In the late 1950s and 1960s, Shin and Choi were the power couple of South Korean prestige cinema. They were the toast of the international festival circuit and popular at home. Unfortunately, Shin was a poor businessman and a flawed husband. At a time when his production company was drowning in red ink, Shin started an affair with a younger actress. After giving him the boot, Choi left for Hong Kong to explore a lucrative movie offer. Unfortunately, it was a set-up to facilitate her abduction, on Kim Jong-il’s orders. Hoping to find his alarmed son and daughter’s missing mother, Shin followed her trail in Hong Kong, exactly as the North Koreans hoped.

Kim hoped to “convince” Choi and Shin to elevate clunky DPRK movie-making into the equal of the vastly superior South Korean film industry they knew so well. Bizarrely, it took Kim five years to implement his plan. In the interim, Shin was held in a prison camp, while Kim essentially kept Choi on display, like an orchid in his private greenhouse. Of course, when he finally asked, they duly agreed, because what choice did they have.

Yet, Shin and Choi were always reluctant participants in Kim’s productions. Hoping to escape one day, they secretly recorded exculpatory conversations with the exalted royal dictator. Rather incredibly, their micro-cassettes represent some of the only recordings of Kim II’s voice. Eventually, they would be vindicated, but for years, South Koreans assumed they had sold out to the North.

This is one of the most remarkable stranger-than-fiction episodes of the Twentieth Century. It has more suspense and intrigue than the collected George Smiley series, but it is also an incredible love story. Cannan & Adam have a particular affinity for the romantic aspect of the tale, as does Choi herself, whose frequent presence enriches the film tremendously.

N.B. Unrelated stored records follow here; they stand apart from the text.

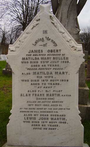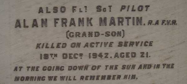 Pilot - F/Sgt Alan Frank Martin RAFVR (932841), aged 21, of Ilford. Buried Manor Park Cemetery, Essex.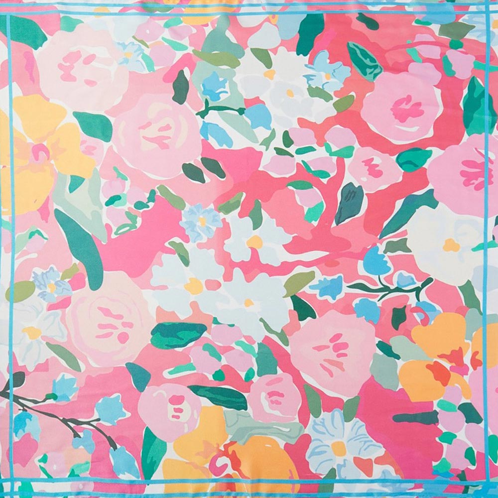 • Elegant square fashion scarf featuring a soft, painterly floral garden design. Ideal for refined everyday styling on the neck, hair, wrist, or handbag, this versatile accessory adds a graceful, feminine touch to casual looks, office outfits, and boutique-ready fashion collections.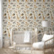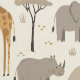Bring the magic of the savanna to a child's space with this charming all-over wallpaper. The pattern features friendly, stylized safari animals, including the lion, giraffe, elephant, zebra, and hippo, playfully arranged alongside acacia trees and a rising sun. The soft, neutral color palette and creamy background create a light, cheerful, and gender-neutral environment. Perfect for an accent wall or an entire room to encourage imagination and happy dreams. Search ID1259 to see other products with this cute safari pattern. Note: design adapted from generative content.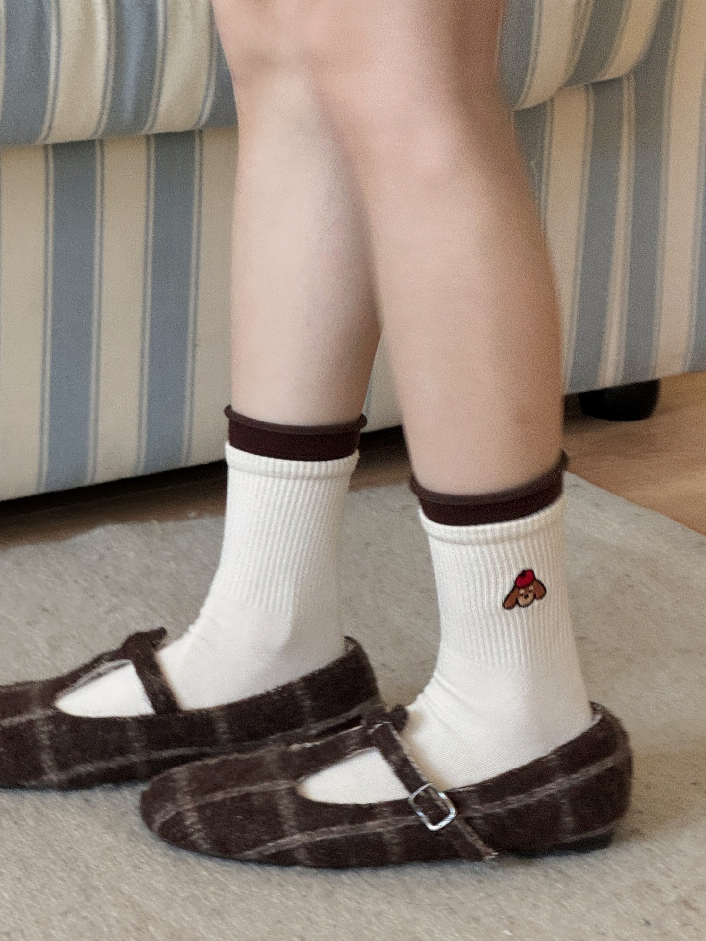 秋冬卡通刺绣小狗条纹羊毛袜子女中筒袜日系加厚保暖可爱羊毛长袜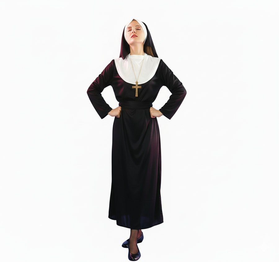Ten kostium zakonnicy to doskonała propozycja dla wszystkich, którzy poszukują stylizacji wiernie odwzorowującej tradycyjny strój zakonny. Skromna, długa suknia z długimi rękawami oraz charakterystyczne nakrycie głowy w formie białego kornetu z czarnym welonem sprawiają, że całość prezentuje się niezwykle realistycznie i z klasą. To idealny wybór na bale przebierańców, spektakle teatralne, jasełka czy inne wydarzenia tematyczne. Kostium jest wygodny w noszeniu i łatwy w zakładaniu, co czyni go praktycznym dodatkiem do każdej garderoby imprezowej.

Lovers also happens to be a super-well put together documentary, shoehorning in plenty of historical context and conveying a colorful sense of the titular lovers’ films, without slowing the pace or interrupting the narrative flow. Just when you think it can’t get any weirder, Choi reveals another twist. It is a truly fascinating story that will leave viewers eager for a comprehensive retrospective of their work (including Shin’s Pulgasari, North Korea’s first kaiju movie). Very highly recommended, The Lovers and the Despot screens again this Tuesday (1/26) in Salt Lake, and Thursday (1/28) and Friday (1/29) in Park City, as part of this year’s Sundance Film Festival.